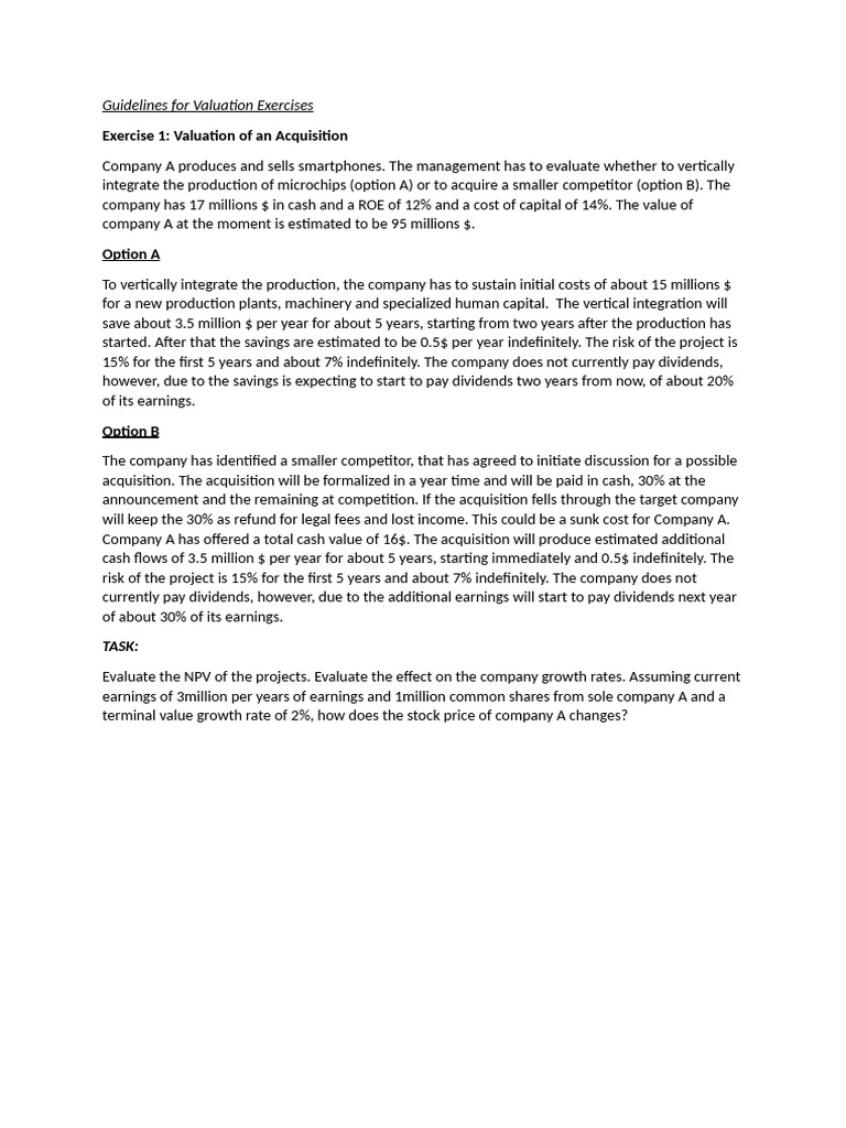 Guidelines For Valuation Exercises | PDF
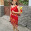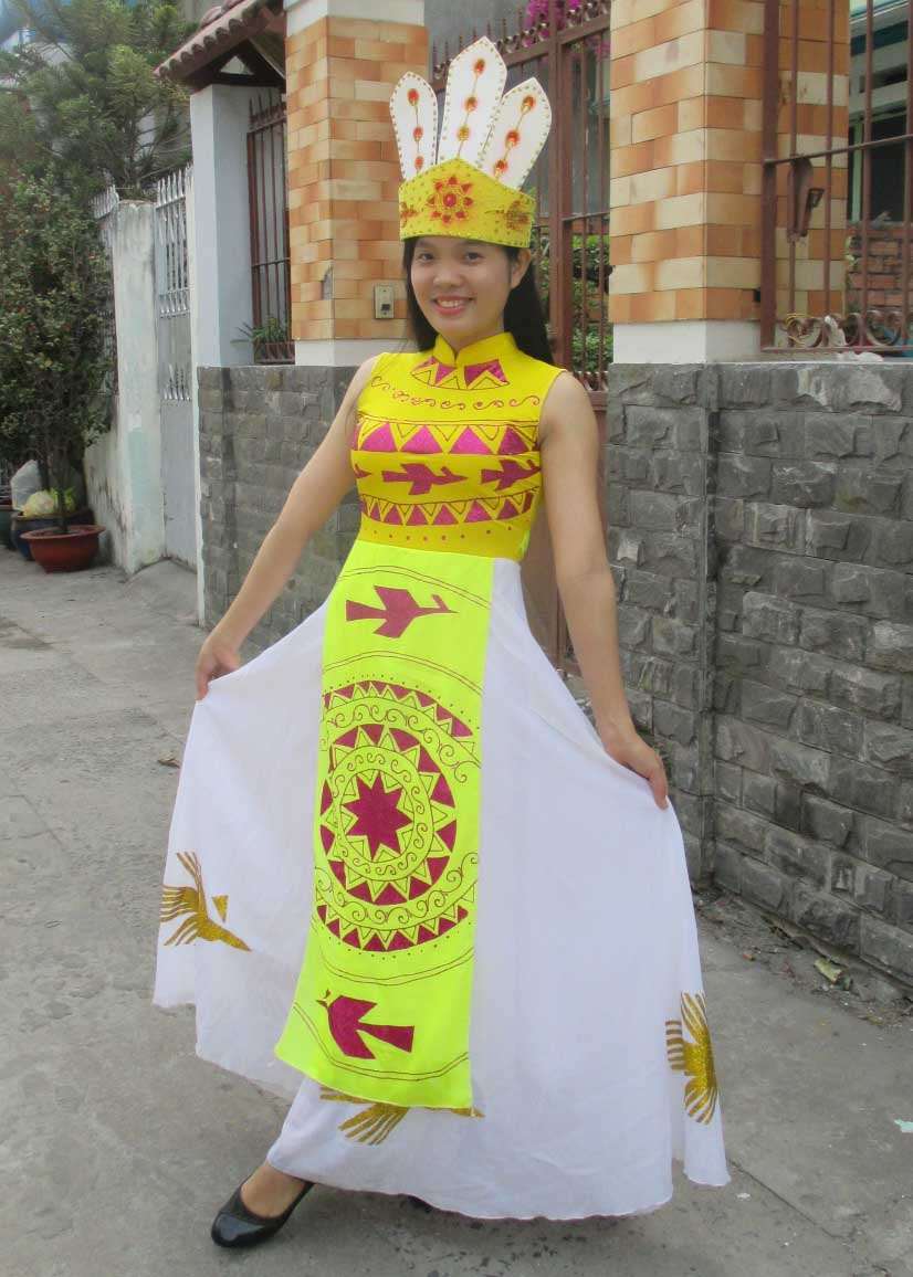 Đầm múa Âu Lạc vàng váy trắng
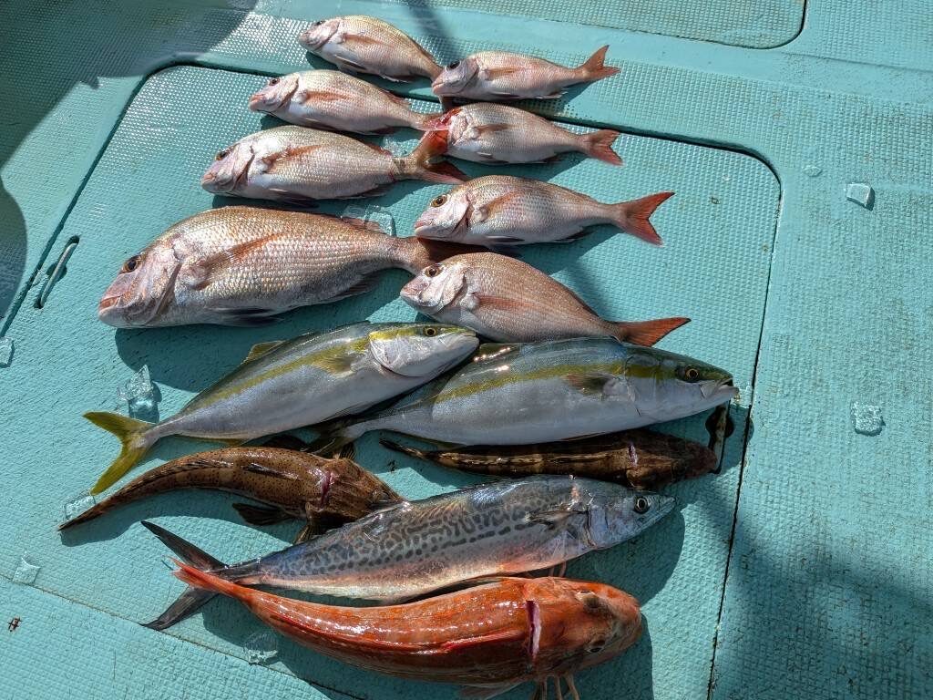 11月11日(火)の釣果・・タイ10匹(写真他2匹リリース)・コチ2匹・ハマチ2匹・ホウボウ1匹・サゴシ1匹
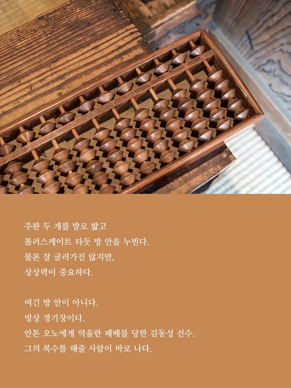 주판 두 개를 발로 밟고 롤러스케이트 타듯 방 안을 누빈다. 물론 잘 굴러가진 않지만, 상상력이 중요하다. 여긴 방 안이 아니다. 빙상 경기장이다. 안톤 오노에게 억울한 패배를 당한 김동성 선수. 그의 복수를 해줄 사람이 바로 나다.
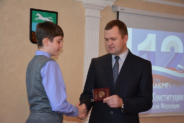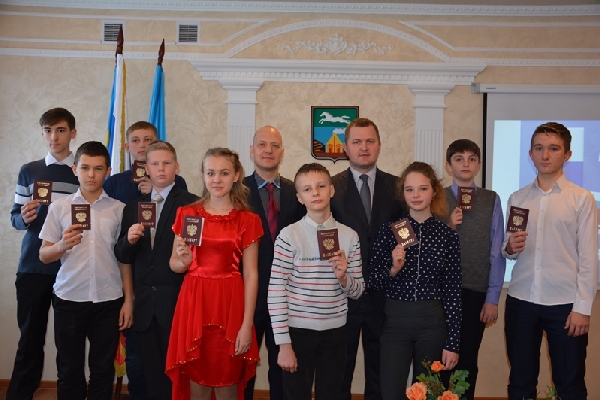 Вручение паспортов юным гражданам Российской Федерации предварило выступление начальника отдела Управления Федеральной миграционной службы по Алтайскому краю в Ленинском районе Дмитрия Блинова. Он рассказал школьникам об истории появления паспорта и напомнил о том, что еще в прошлом веке далеко не каждый имел право получить паспорт и стать официальным гражданином своей страны. После этого он вместе с главой администрации района вручил паспорта девяти жителям района.
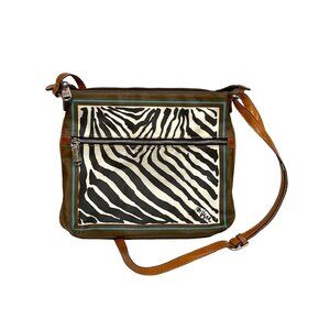 BRIGHTON Vera Neumann Zebra Animal Print Crossbody Purse Leather & Coated Canvas

━━━━━━

▶ **EXERCISE REQUIREMENTS**:
Starting at the line that contains "Đầm múa Âu Lạc vàng váy trắng" and ending at the line that contains "주판 두 개를 발로 밟고", transcribe the material above exactly, excluding pictures.

▶ **ANSWER SPACE**:
 Đầm múa Âu Lạc vàng váy trắng
 11月11日(火)の釣果・・タイ10匹(写真他2匹リリース)・コチ2匹・ハマチ2匹・ホウボウ1匹・サゴシ1匹
 주판 두 개를 발로 밟고 롤러스케이트 타듯 방 안을 누빈다. 물론 잘 굴러가진 않지만, 상상력이 중요하다. 여긴 방 안이 아니다. 빙상 경기장이다. 안톤 오노에게 억울한 패배를 당한 김동성 선수. 그의 복수를 해줄 사람이 바로 나다.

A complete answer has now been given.